Additionally, the transition will require a financial institution to thoroughly know and understand its online customer base. Will they be resistant to two-factor authentication processes? Are they computer literate for the most part? Are they going to want a hardware token (USB token) to carry around all the time? Knowing customers and their preferences will help an organization select the appropriate technology solutions.
Another consideration here is that most people have accounts at other financial institutions, thus they will face multiple multifactor authentication processes. Will they end up with a pocket full of tokens of various sorts? So, the question is, what will best allow you to comply with the new guidance while satisfying your organization's customers?

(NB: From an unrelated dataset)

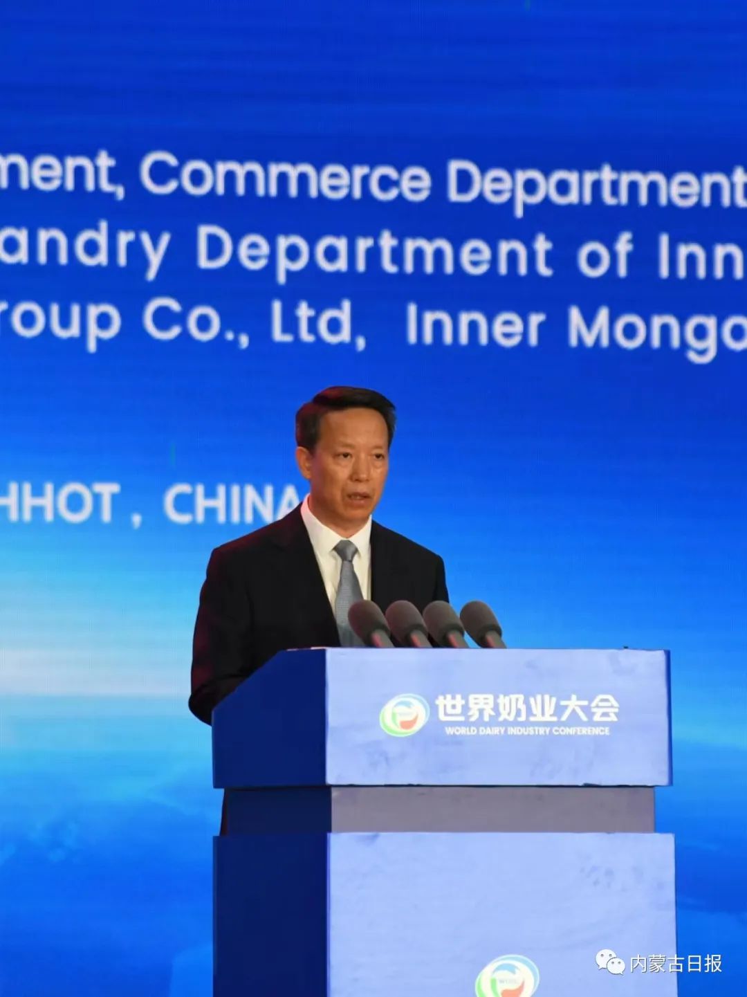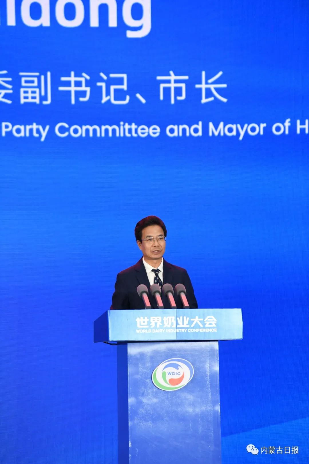 呼和浩特市委副書記、市長賀海東作呼和浩特奶產(chǎn)業(yè)推介。記者 韓卿立 攝

If you are an information security professional facing this task, my strong recommendation is to get your marketing folks involved early on in this project. Include them in your risk assessments processes and product selections.
This will be an interesting and challenging year for financial institutions as they select and roll out their various multifactor authentication systems. The larger national and international banks are already moving forward with their efforts. The small to midsize banks will need to implement and keep up with the majors, which will be challenging as most products are not cheap. But then, the increasing identity theft and cyber fraud isn't cheap either!
Stay tuned to see what your bank rolls out for you!
Robert S. Childs, CISSP, CISM, CISA, is vice president and information security officer for First Community Bank in Albuquerque, N.M.